Entonces está reservado al poder público privar al condenado del «bien» de la
vida, en expiación de su falta, después de que, por su crimen, él se ha
desposeído de su «derecho» a la vida” (Discurso a los participantes en el I
Congreso Internacional de Histopatología del Sistema Nervioso, n. 28, 13 de
septiembre de 1952)
Juan Pablo II:
“Es evidente que, precisamente para conseguir todas
estas finalidades, la medida y la calidad de la pena deben ser valoradas y
decididas atentamente, sin que se deba llegar a la medida extrema de la
eliminación del reo salvo en casos de absoluta necesidad, es decir, cuando la
defensa de la sociedad no sea posible de otro modo” (Juan Pablo II, Encíclica
Evangelium Vitae, n. 56, 25 de marzo de 1995)
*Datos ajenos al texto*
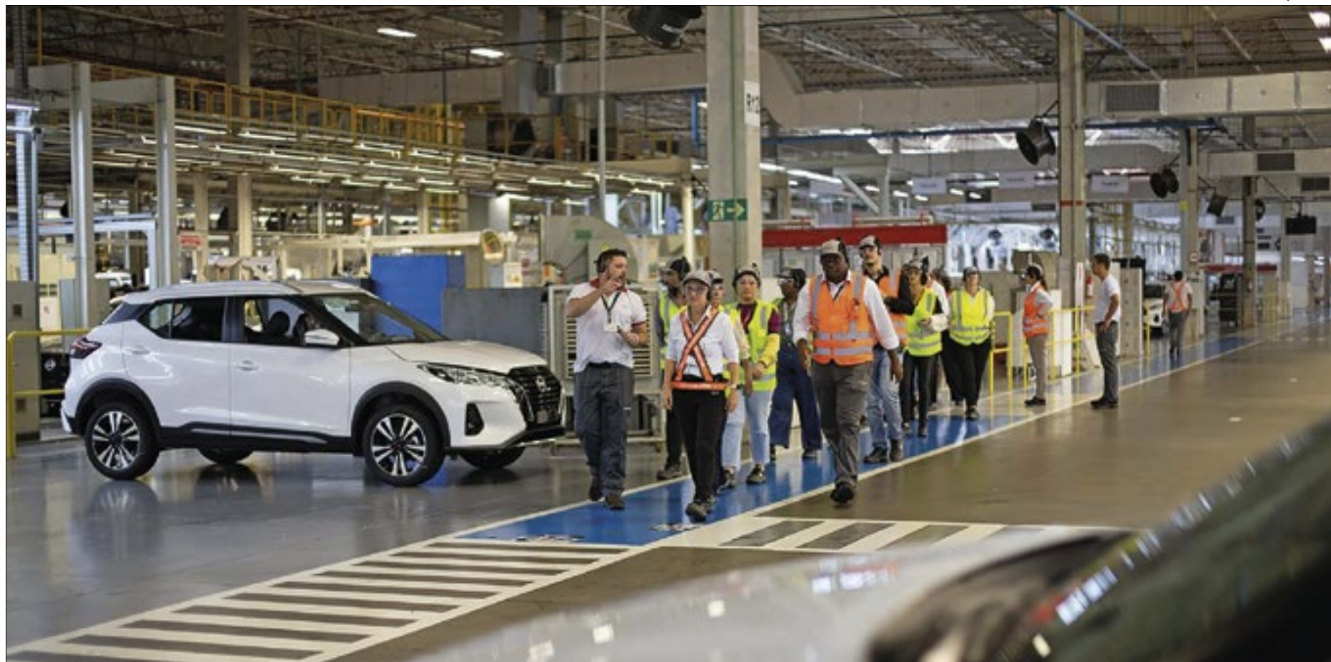
Empresa alia tecnologia à humanização em sua fábrica no complexo industrial de Resende, no sul do Rio de Janeiro
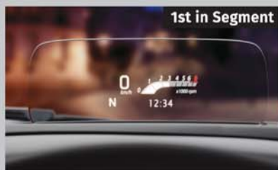
Head Up Display
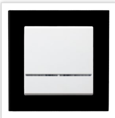
ŁP-1RS/00 z ramką szklaną czarną. Seria podtynkowa SONATA – łącznik jednobiegunowy z podświetleniem z ramką szklaną w kolorze czarnym. Zalety: seria spełni oczekiwania podążających za najnowszymi trendami, urzeknie swym kształtem i elegancją.
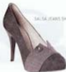
SALSA JEANS SHOES
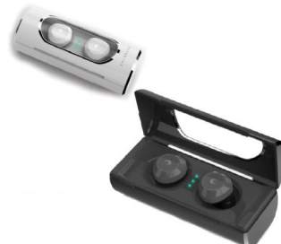
러너를 위한 음성지원 이어셋(런스타)
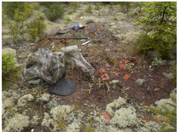
Figure 22: Débris à ramasser du point supplémentaire E
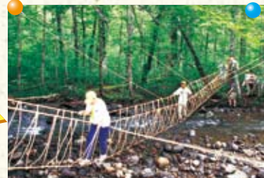
【モンキーブリッジ】
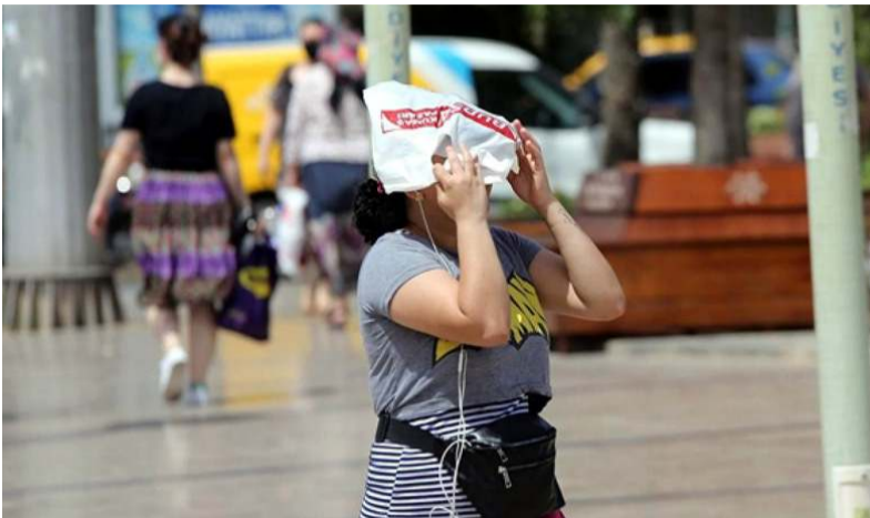
Çorum'da ise hava sıcaklıklarının 30 ile 34 arasında seyretmesi bekleniyor.

Yaz mevsiminin en sıcak ve boğucu günlerini ifade etmek için kullanılan "eyyam-ı bahur", her yıl temmuz ayının sonu ile ağustos ayının başına rastlıyor. Yerini "çöl sıcakları", "cehennem sıcakları" ve "Afrika sıcakları" gibi terimlere de bırakan "eyyam-ı bahur"un, özellikle yurdun güney kesimlerinde etkisini göstermesi bekleniyor. Çorum'da ise hava sıcaklıklarının 30 ile 34 arasında seyretmesi bekleniyor.
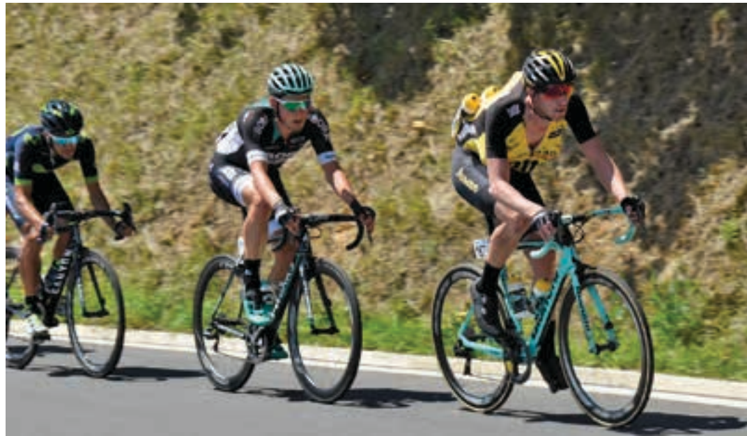
ADUNATIK BETERRI-BURUNTZA ALDERA DATOR Tropela Adunatik barrena Andoainera iristen, iazko Donostiako Klasikoan.
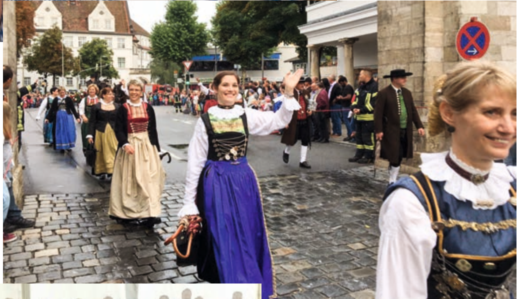
Ausmarsch zum Gäubodenvolksfest
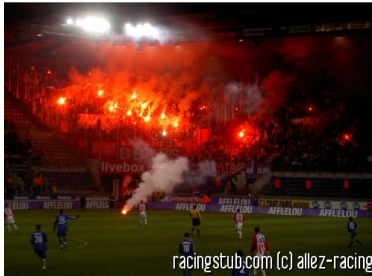
Les visiteurs surpasseront-ils les fans de l'Etoile rouge en 2005 ?

★★★★★ (7 notes) 📅 22/08/2019 05:00 📍 Avant-match 📖 Lu 5.483 fois 👤 Par kitl 🗨️ 4 comm.
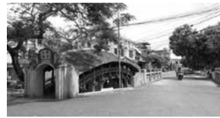
Cầu ngói chợ Lương, Nam Định
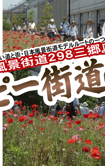
今年のポピーは最高!
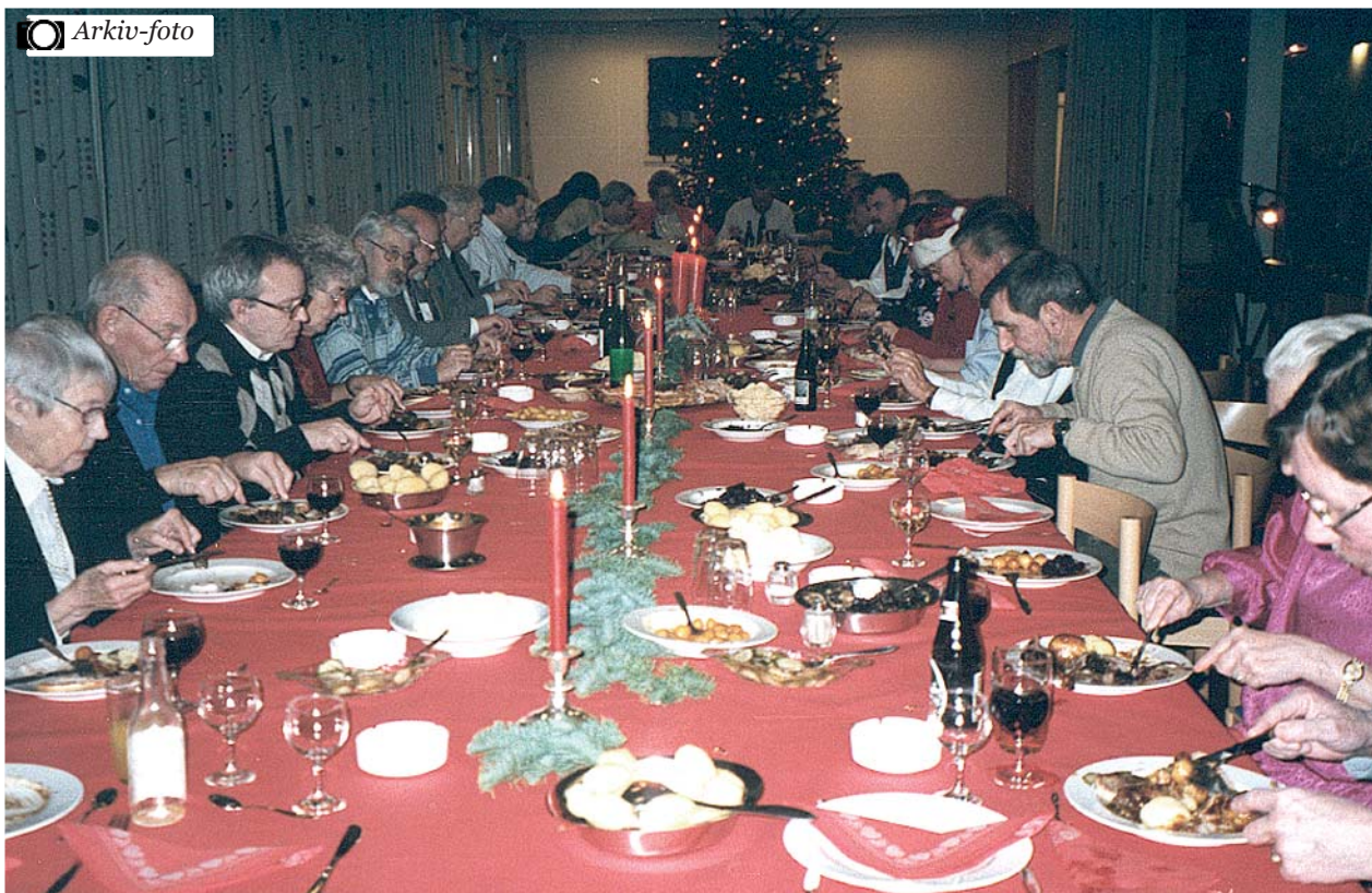
Det 'store varme julebord' med julemad og med juletræ i baggrunden fra en tidligere julefest i Perlen.

J ulefesten i Perlen fandt sted den 22. december fra kl. 18.00. Vi ankom til et smukt pyntet julebord - flot med lys og blomster. Jeg havde min søde nabo med og desværre sidder hun i kørestol. Det var bestemt ikke nogen hindring. Næh, - tværtimod var den bedste plads reserveret til min nabo.
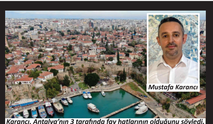
Karancı, Antalya’nın 3 tarafında fay hatlarının olduğunu söyledi.
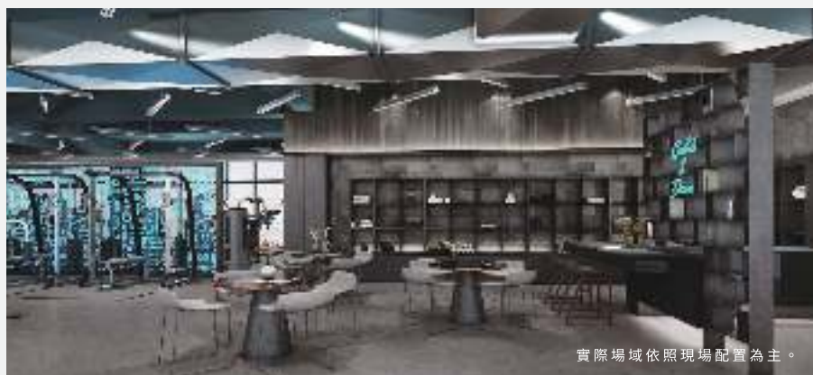
實際場域依照現場配置為主。
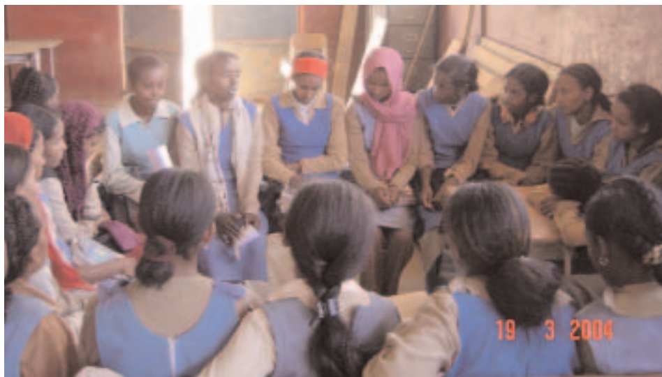
Sessions de santé reproductive au lycée St George, Mendefera, Erytrée.

Catecismo de la Iglesia Católica:
“A la exigencia de la tutela del bien común
corresponde el esfuerzo del Estado para contener la difusión de comportamientos
lesivos de los derechos humanos y las normas fundamentales de la convivencia
civil. La legítima autoridad pública tiene el derecho y el deber de aplicar
penas proporcionadas a la gravedad del delito. La pena tiene, ante todo, la
finalidad de reparar el desorden introducido por la culpa. Cuando la pena es
aceptada voluntariamente por el culpable, adquiere un valor de expiación. La
pena finalmente, además de la defensa del orden público y la tutela de la
seguridad de las personas, tiene una finalidad medicinal: en la medida de lo
posible, debe contribuir a la enmienda del culpable.
La enseñanza tradicional
de la Iglesia no excluye, supuesta la plena comprobación de la identidad y de
la responsabilidad del culpable, el recurso a la pena de muerte, si esta fuera
el único camino posible para defender eficazmente del agresor injusto las vidas
humanas. Pero si los medios incruentos bastan para proteger y defender del
agresor la seguridad de las personas, la autoridad se limitará a esos medios,
porque ellos corresponden mejor a las condiciones concretas del bien común y
son más conformes con la dignidad de la persona humana” (Catecismo de la
Iglesia Católica, n.2266-2267).
Podrían citarse cientos de testimonios más en el mismo
sentido de Padres de la Iglesia, documentos magisteriales, grandes teólogos y
santos, como por ejemplo San Juan Cristóstomo, San Gregorio Nacianceno, San
Efrén, San Ambrosio, San Hilario, San Roberto Belarmino, San Pío V, Pío XI,
Inocencio I, San Dámaso, San Bernardo, San Jerónimo, Santo Tomás Moro, San
Francisco de Borja, San Francisco de Sales, Francisco de Vitoria, San Felipe
Neri, Francisco Suárez, Beato Duns Scoto y un larguísimo etcétera.